With XPS, we measured the total concentration of the elements at the sample surface (Survey spectra shown in Figure S4) and the deconvoluted absolute spectrum of every element measured in the survey spectra. Table S2 (Supporting Information) shows the percentage of all the elements measured in the survey spectra. The XPS survey spectra are sensitive to the surface composition of the perovskite films. With the given beam energy, information about the composition is obtained from the first 5–10 nm of the surface. Since the films differ from each other in the amount of PbI₂, we first looked at the differences in the Pb 4f spectra and I 3d from the survey spectra for the different perovskite films.

The film ‘3D PVK (NS)’ made from a non-stoichiometric precursor is Pb rich on the surface due to the presence of excess PbI₂ in the film in comparison with both stoichiometric films.
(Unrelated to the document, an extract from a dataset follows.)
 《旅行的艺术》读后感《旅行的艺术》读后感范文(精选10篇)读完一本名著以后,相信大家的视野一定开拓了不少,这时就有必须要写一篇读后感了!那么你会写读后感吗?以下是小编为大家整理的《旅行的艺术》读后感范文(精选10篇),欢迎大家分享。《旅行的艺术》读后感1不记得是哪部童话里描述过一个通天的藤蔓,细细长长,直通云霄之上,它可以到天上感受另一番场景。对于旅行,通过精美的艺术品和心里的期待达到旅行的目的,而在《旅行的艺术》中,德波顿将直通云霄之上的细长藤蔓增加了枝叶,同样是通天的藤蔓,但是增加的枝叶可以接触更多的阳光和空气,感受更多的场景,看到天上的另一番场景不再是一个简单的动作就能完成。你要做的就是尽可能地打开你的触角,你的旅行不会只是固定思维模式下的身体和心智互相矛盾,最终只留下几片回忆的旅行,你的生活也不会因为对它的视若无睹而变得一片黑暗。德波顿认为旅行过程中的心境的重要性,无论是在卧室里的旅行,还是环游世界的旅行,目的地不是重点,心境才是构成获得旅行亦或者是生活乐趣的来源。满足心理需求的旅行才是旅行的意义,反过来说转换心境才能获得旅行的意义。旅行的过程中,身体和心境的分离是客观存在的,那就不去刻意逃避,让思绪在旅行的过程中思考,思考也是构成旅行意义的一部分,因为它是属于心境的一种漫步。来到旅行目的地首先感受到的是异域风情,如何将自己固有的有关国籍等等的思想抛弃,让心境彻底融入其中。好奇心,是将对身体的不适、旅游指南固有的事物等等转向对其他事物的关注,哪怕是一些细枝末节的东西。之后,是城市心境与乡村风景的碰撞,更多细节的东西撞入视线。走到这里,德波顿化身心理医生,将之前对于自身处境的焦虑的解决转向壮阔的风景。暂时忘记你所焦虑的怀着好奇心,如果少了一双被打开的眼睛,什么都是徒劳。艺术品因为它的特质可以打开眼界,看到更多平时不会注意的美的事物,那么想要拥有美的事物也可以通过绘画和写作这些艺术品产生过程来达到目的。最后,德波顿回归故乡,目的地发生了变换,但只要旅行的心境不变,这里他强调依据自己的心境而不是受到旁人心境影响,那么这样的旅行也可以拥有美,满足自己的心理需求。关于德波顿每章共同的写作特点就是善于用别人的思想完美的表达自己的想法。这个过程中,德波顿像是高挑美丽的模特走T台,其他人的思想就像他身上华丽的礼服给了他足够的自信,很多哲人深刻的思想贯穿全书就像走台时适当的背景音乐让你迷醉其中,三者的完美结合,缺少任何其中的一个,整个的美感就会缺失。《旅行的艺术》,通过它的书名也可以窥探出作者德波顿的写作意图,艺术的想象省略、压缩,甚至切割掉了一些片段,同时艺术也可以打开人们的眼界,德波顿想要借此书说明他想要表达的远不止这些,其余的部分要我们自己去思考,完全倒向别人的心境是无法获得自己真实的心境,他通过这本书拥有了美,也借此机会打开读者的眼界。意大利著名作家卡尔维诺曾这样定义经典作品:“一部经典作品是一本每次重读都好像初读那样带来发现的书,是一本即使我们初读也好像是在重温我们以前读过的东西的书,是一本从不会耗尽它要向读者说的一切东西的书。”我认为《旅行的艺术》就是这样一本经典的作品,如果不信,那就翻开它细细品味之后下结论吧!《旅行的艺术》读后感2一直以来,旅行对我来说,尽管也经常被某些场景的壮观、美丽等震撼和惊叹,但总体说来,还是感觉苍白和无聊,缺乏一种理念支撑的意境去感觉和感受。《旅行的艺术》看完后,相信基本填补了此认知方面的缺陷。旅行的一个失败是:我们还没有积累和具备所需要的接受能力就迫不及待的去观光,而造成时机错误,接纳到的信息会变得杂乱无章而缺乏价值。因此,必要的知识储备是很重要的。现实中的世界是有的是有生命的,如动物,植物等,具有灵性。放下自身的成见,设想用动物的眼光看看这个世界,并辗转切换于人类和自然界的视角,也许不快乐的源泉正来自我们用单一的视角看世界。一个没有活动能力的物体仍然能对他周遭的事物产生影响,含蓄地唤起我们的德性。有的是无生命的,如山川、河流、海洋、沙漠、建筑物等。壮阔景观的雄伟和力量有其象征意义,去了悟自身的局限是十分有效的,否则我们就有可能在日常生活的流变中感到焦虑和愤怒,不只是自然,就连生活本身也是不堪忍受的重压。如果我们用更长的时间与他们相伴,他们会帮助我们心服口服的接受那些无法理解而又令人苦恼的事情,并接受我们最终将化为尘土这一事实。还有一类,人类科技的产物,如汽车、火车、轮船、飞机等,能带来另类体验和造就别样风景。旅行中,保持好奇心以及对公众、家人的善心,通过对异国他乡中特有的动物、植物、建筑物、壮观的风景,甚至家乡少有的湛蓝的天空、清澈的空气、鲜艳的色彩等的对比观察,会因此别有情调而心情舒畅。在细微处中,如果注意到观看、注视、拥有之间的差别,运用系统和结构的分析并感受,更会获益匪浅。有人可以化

The increase in the I signal for the 3D/OAI film is due to the presence of OAI at the surface of the film. In the same film, we observe small concentrations of O₂ and N₂ (shown in Table S2 in Supporting Information) at the surface. This is due to the hydrophobic nature of the long alkyl chain in OAI. The amount of Iodine measured from the surface of 3D PVK (S) is higher than that of sample 3D PVK (NS). The total mass of Iodides taking part in the formation reaction of the perovskite is the same in all three films. Therefore, this observation suggests that changing the precursor composition could actually result in perovskite films with different surface compositions or, in other words, different ways in which the surface of the FAPbI₃ perovskite film terminates.

We analyzed the absolute spectra of each element in the survey spectra in detail. The chemical states are assigned to certain peaks according to the databases [36,37]. For this discussion, we use the results from the absolute spectra of Carbon (C), Nitrogen (N), and Oxygen (O).
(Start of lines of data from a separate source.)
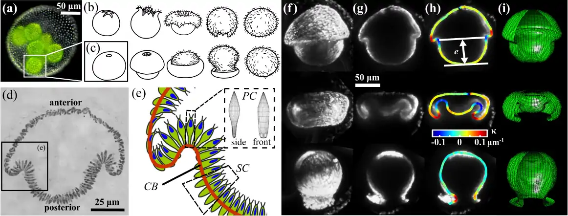 Colony inversion is a special characteristic during development in the order Volvocaceae that results in new colonies having their flagella facing outwards. During this process the asexual reproductive cells (gonidia) first undergo successive cell divisions to form a concave-to-cup-shaped embryo or plakea composed of a single cell layer. Immediately after, the cell layer is inside out compared with the adult configuration—the apical ends of the embryo protoplasts from which flagella are formed, are oriented toward the interior of the plakea. Then the embryo undergoes inversion, during which the cell layer inverts to form a spheroidal daughter colony with the apical ends and flagella of daughter protoplasts positioned outside. This process enables appropriate locomotion of spheroidal colonies of the Volvocaceae. The mechanism of inversion has been investigated extensively at the cellular and molecular levels using the model species, Volvox carteri.[11]
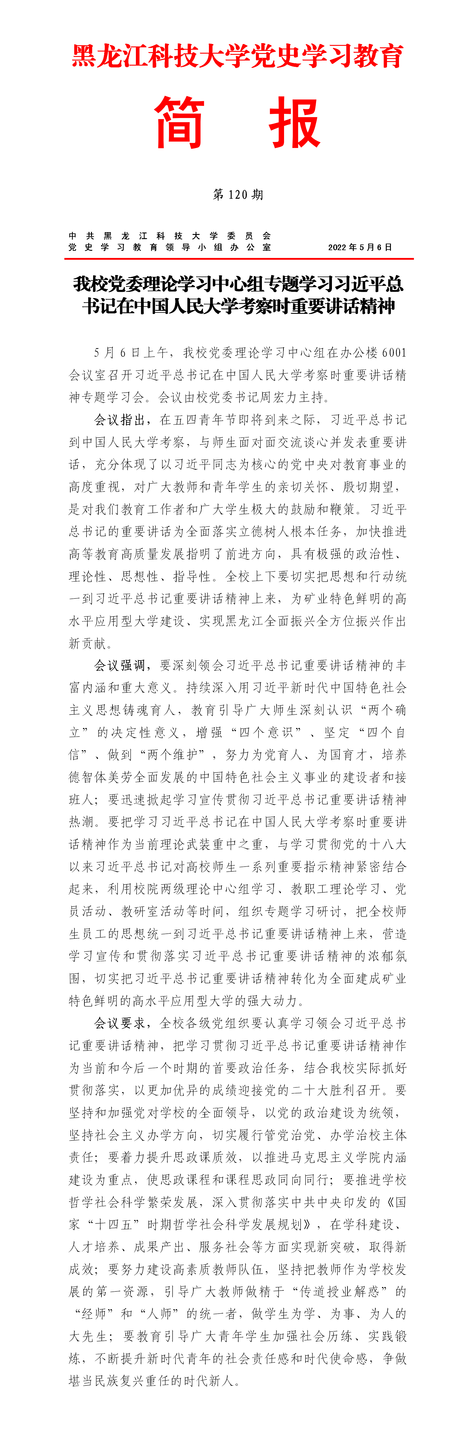 党史学习教育工作简报(第120期)
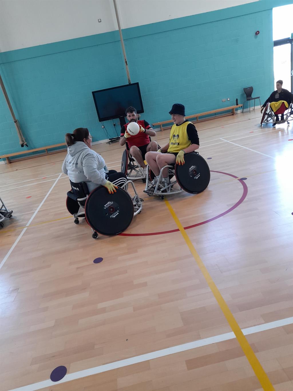 Cafodd blant y lluoedd arfog yn Ysgol Harri Tudur gyfle i roi cynnig ar rygbi cadair olwyn i ddathlu Mis y Plentyn Milrwrol.
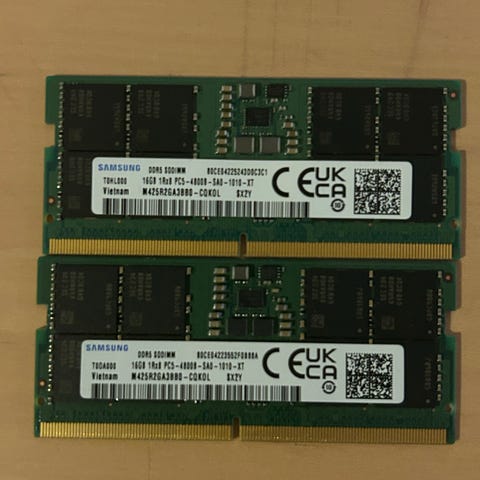 • Kapacitet: 32GB samlet (2×16GB)

When we deconvolute the absolute 1s spectra of carbon (C) as shown in Figure S6 (Supporting Information), we see major differences in the peak at 286.5 eV. This peak corresponds to the bonding of C with Nitrogen (N) in the form of a C-N single bond. This bond is characteristic of amine (C-NH₂) or amide (NH₂-C=O) groups. Amide groups are present in the precursor solvent DMF. DMF has a boiling point of 153 °C. We use DMSO alongside DMF in a 4:1 ratio. DMSO has a boiling point of 189 °C. The annealing temperature of the perovskite film is 150 °C. During the annealing step, rapid crystallization of the perovskite takes place, forming dense grains within the first few seconds before all of the solvents present in the wet film could fully evaporate. DMF offers strong polarity and strong intermolecular forces, which makes solvent evaporation a difficult task. As a result, it is very likely that a fraction of the solvent present in the wet film is trapped between the grains. Residues of DMF and DMSO are regularly present in perovskite films after conventional annealing [38,39,40,41]. Therefore, the primary contribution of C=O in these films is expected to come from residual DMF present in the film after annealing. In

Table 2. The percentage of C=O bonds from the absolute spectra of C and O for the different perovskite films.

Sample	C=O %(C 1s) Absolute Spectra	C=O %(O 1s) Absolute Spectra	Sum C=O (%)
3D PVK (S)	15	8.64	23.64
3D/OAI	14.2	5.78	19.98
3D PVK (NS)	11.78	11.56	23.34

below, we show the proportion of C=O bonds calculated from both C 1s spectra and O 1s spectra.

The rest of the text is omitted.